Records contained in a dataset:
.....

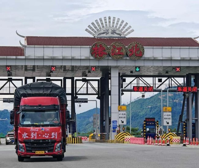 (图注:2025年6月24日,中粮可口可乐贵州厂启动“净水24小时”应急饮用水救援机制,支援榕江洪灾救援。图为中粮可口可乐救援物流车驶过榕江北收费站。)
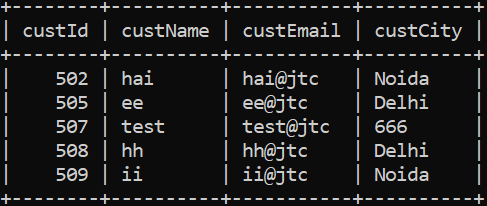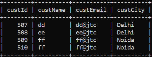 • Assume that there is a table called jtcstudents with 4 columns -
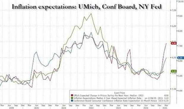 .. still jumping less than the chaos monkeys at UMich...Finally, we noted that March’s fall in confidence was driven by consumers over 55 years old and, to a lesser extent, those between 35 and 55 years old. By contrast, confidence rose slightly among consumers under 35, as an uptick in their assessments of the present situation more than offset gloomier expectations. The decline was also broad-based across income groups, with the only exception being households earning more than $125,000 a year.
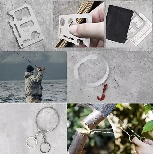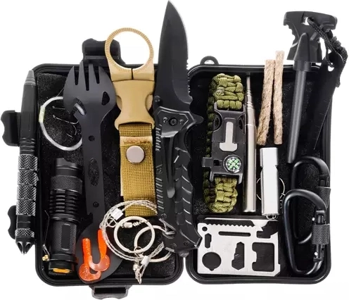 - lenkiamas peilis su pjūkleliu ir virvių pjaustytuvu, taktinis rašiklis, 11 viename išgyvenimo kortelė, skeltuvas su magnezio lazdele ir brauktuku su liniuote bei atidarytuvu, žibintuvėlis, termo folija 130 × 210 cm, užsegamas konteineris, butelio laikiklis diržui, paracord apyrankė (apie 3,5 m virvės) su kompasu, švilpuku ir skeltuvu, silikoniniai masalai 2 vnt + valas + 2 kabliukai, valgymo įrankis (šaukštas/šakutė su atidarytuvu + peiliukas), sulankstomas švilpukas, uždegimo virvelės 2 vnt, karabinai 2 vnt, vielinis pjūklas apie 60 cm
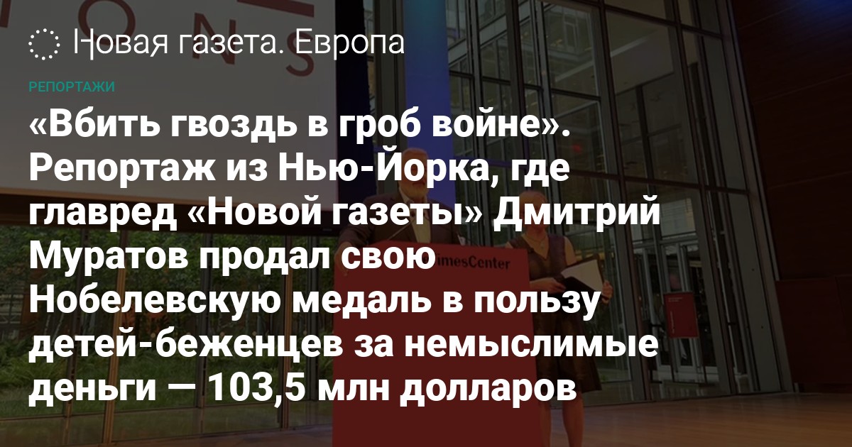 — Как сказал Альфред Нобель, Нобелевской премией мира награждаются те, кто внес наибольший вклад в развитие человечества, — продолжает Джош Бенеш, стратегический директор аукционного дома. — Журналистский труд Дмитрия Муратова — это воплощение этой цитаты. Но то, что происходит сегодня, выходит за рамки даже этой оценки.
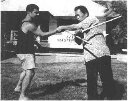 李小龙的短棍格斗技法直接来自于爱徒伊诺山度手中(图426),因为伊诺山度在投入李小龙门下之前便已学会且精通了这门在菲律宾族人中秘传的魔杖(图427),且有棍王之称。当然作为对恩师的回报他又将这门独特的格斗技艺破例教给了李小龙从而极大地丰富与完善了李小龙的格斗技系统并为李小龙后来在电影中的精彩表演提供了不可多得的精华元素。李小龙在菲律宾棍法的基础上又融入了一些截拳道的实战心法及传统武学中的棍法精萃,而整理出一套实战价值极高且速成的实战搏击训练教程开了短棍技术的训练与搏击之先河。现择其精华部分叙述如下。
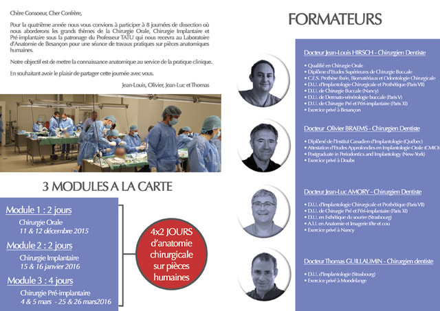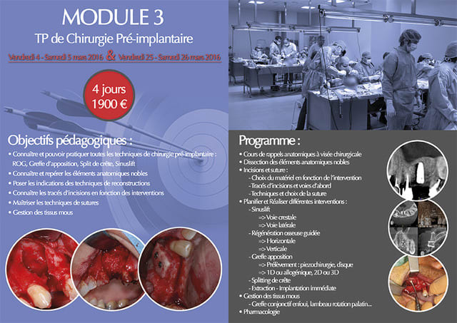 - module de chirurgie pré-implantaire : 2x2jours (14-15-28-29 mars)
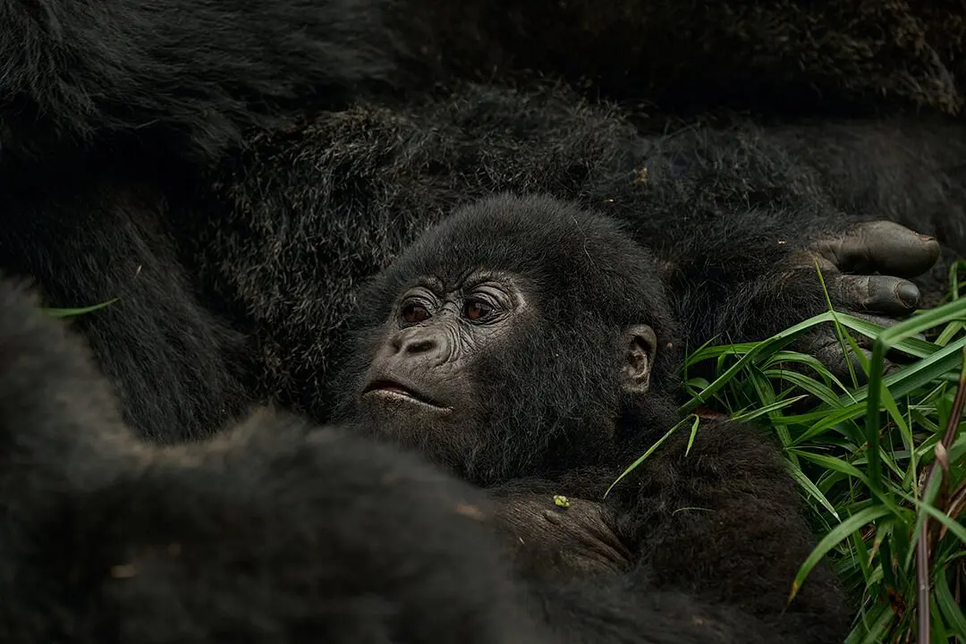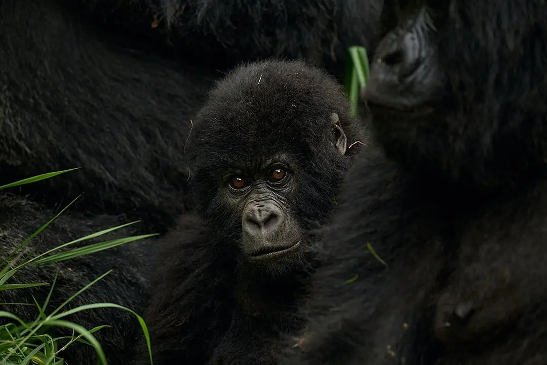 Mountain gorillas are gentle giants. They are habituated to human presence and display no aggression unless threatened. Rangers maintain a safe 7-meter distance and guide you throughout.
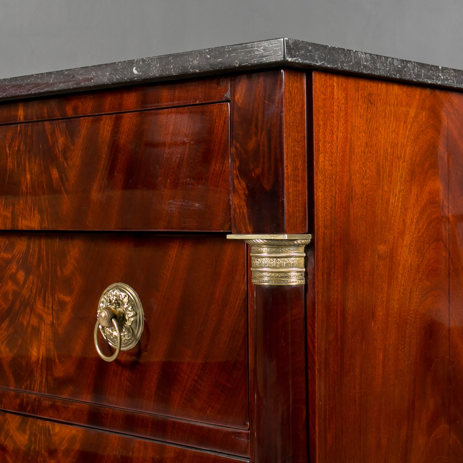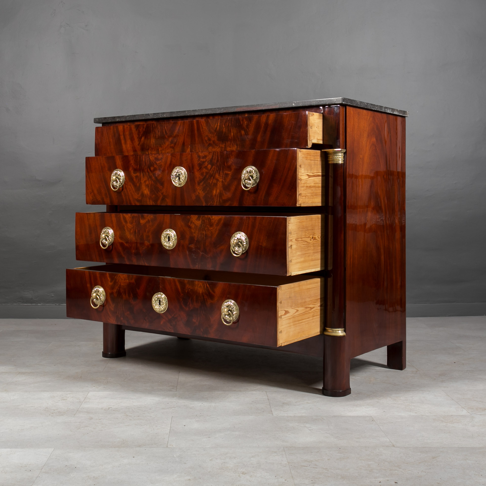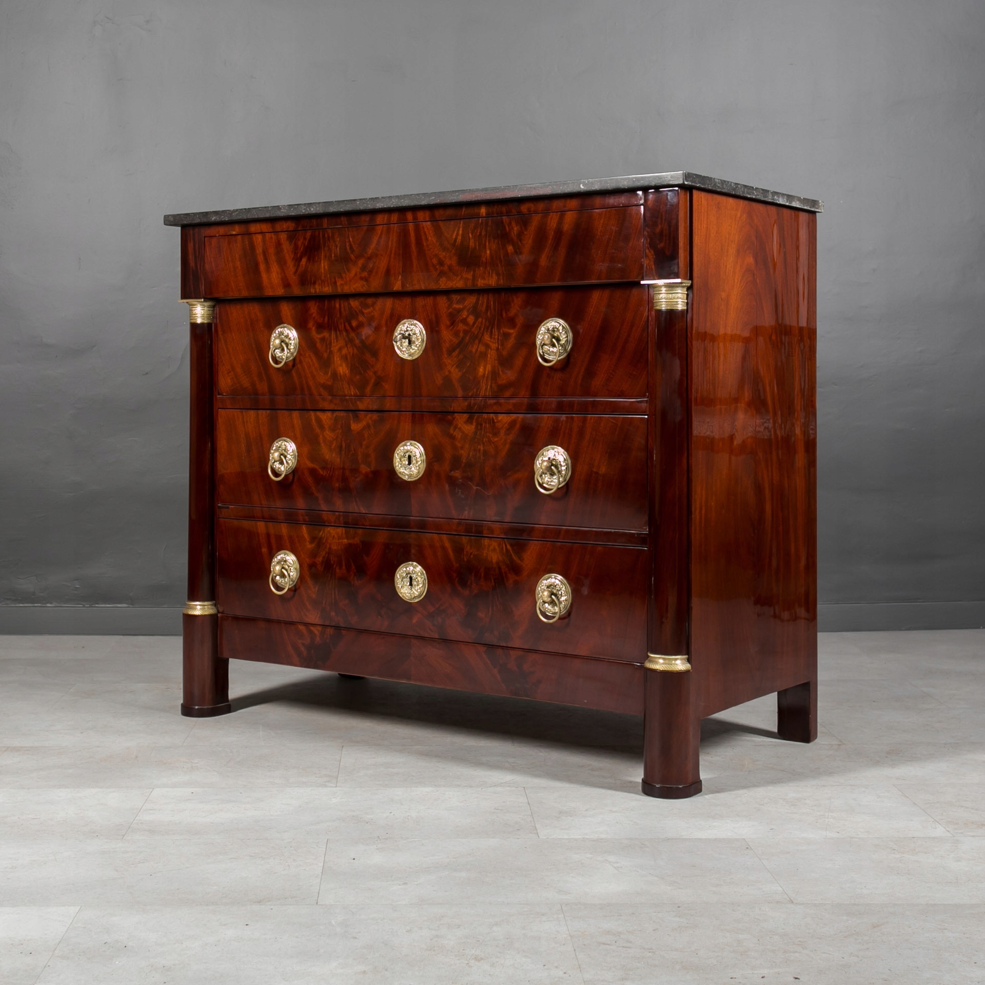 Мы рады предложить Вам на продажу комод периода Бидермейер. Мебель родом из Франции, а ее конструкция датируется 19 веком. Конструкция изготовлена из хвойного дерева, полностью облицована пирамидальным шпоном красного дерева. Комод с красивой оригинальной столешницей из белого мрамора, уникальными колоннами, украшенными латунными украшениями. В настоящее время в нашей мастерской мебель прошла процесс ремонта, в ходе которого мы отремонтировали элементы конструкции, заделали щели и починили замки. Поверхность покрыта шеллаком, нанесенным вручную с помощью тампона, который не только обеспечивает отличный визуальный эффект, но и защищает древесину и ухаживает за ней. Комод в очень хорошем состоянии, полностью функционален, готов к использованию.
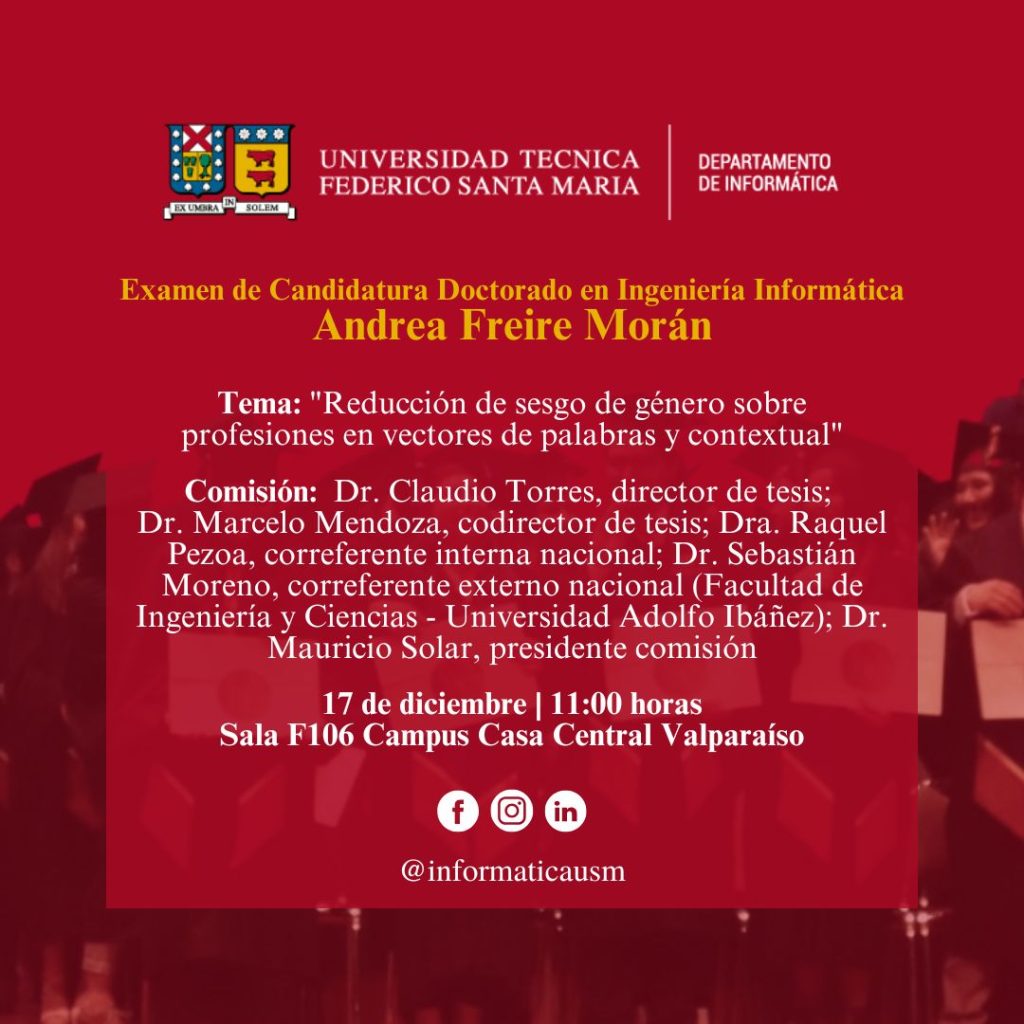 Se invita al examen de Candidatura Doctorado en Ingeniería Informática de Andrea Freire Morán, quien presentará el tema de tesis “Reducción de sesgo de género sobre profesiones en vectores de palabras y contextual”.
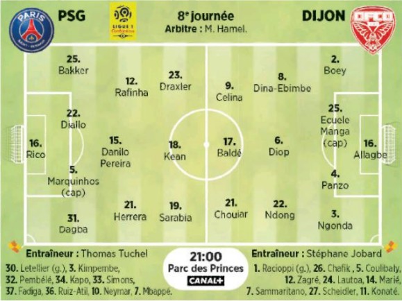 L’Equipe predicted starting lineup for Paris Saint Germain vs Dijon 2020
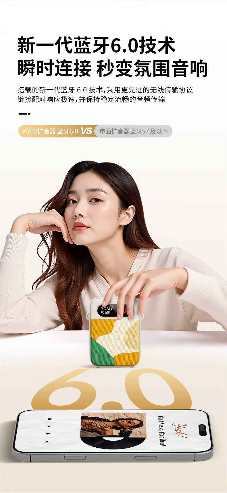 Sony Ericsson (soaiy) KY02 Wireless Lavalier Anti-Squealing Bee Amplifier Teacher's Special Long-Endurance Bluetooth Speaker Audio Microphone Class Teaching Guide Outdoor Strap Portable White
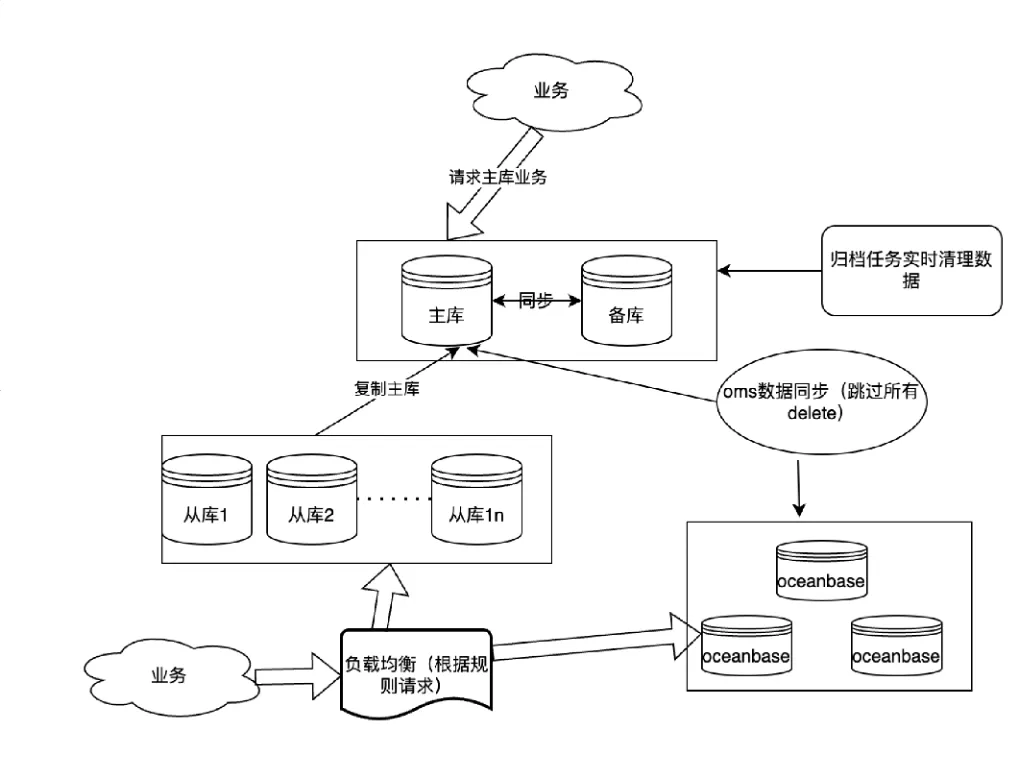 在引入OceanBase的第一阶段,我们计划采用其解决汇总库问题。使用OMS将汇总数据的处理迁移至OceanBase。同时,在上游流程中,削减部分重库资源,直接将更多请求导向OceanBase处理。
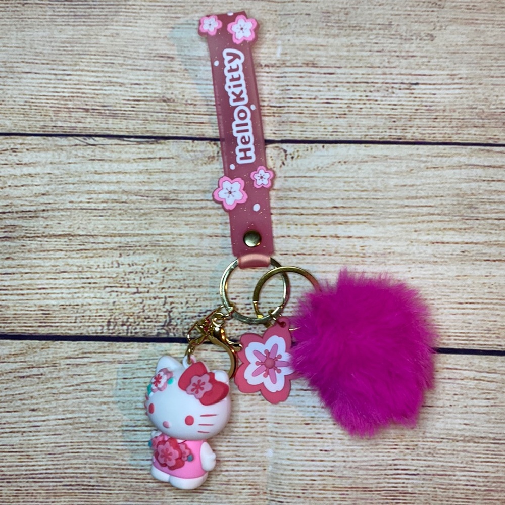Hello Kitty Keychain With Pink Pom Pom
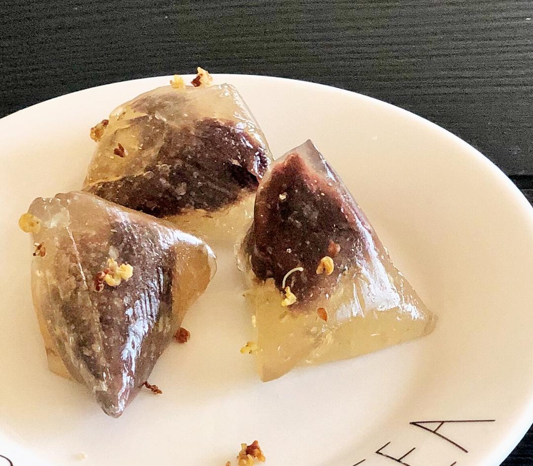 桂花豆沙水晶粽 ~ 美国没有卖水晶粉,找到carol的方子,试下来不错,放两天也不发硬。用桂花水拌的粉,Q糯,口感味道都...
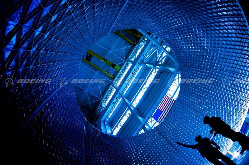 Inspecting SLS Core Stage Barrel at NASA Michoud Facility

.....

- [EXERCISE PROMPT]: Go to the line above that has "than $125,000 a year." and copy exactly from there down to the line that has "- lenkiamas peilis", both included. Leave the pictures out.

- [REPLY TO THE TASK]:
 .. still jumping less than the chaos monkeys at UMich...Finally, we noted that March’s fall in confidence was driven by consumers over 55 years old and, to a lesser extent, those between 35 and 55 years old. By contrast, confidence rose slightly among consumers under 35, as an uptick in their assessments of the present situation more than offset gloomier expectations. The decline was also broad-based across income groups, with the only exception being households earning more than $125,000 a year.
 - lenkiamas peilis su pjūkleliu ir virvių pjaustytuvu, taktinis rašiklis, 11 viename išgyvenimo kortelė, skeltuvas su magnezio lazdele ir brauktuku su liniuote bei atidarytuvu, žibintuvėlis, termo folija 130 × 210 cm, užsegamas konteineris, butelio laikiklis diržui, paracord apyrankė (apie 3,5 m virvės) su kompasu, švilpuku ir skeltuvu, silikoniniai masalai 2 vnt + valas + 2 kabliukai, valgymo įrankis (šaukštas/šakutė su atidarytuvu + peiliukas), sulankstomas švilpukas, uždegimo virvelės 2 vnt, karabinai 2 vnt, vielinis pjūklas apie 60 cm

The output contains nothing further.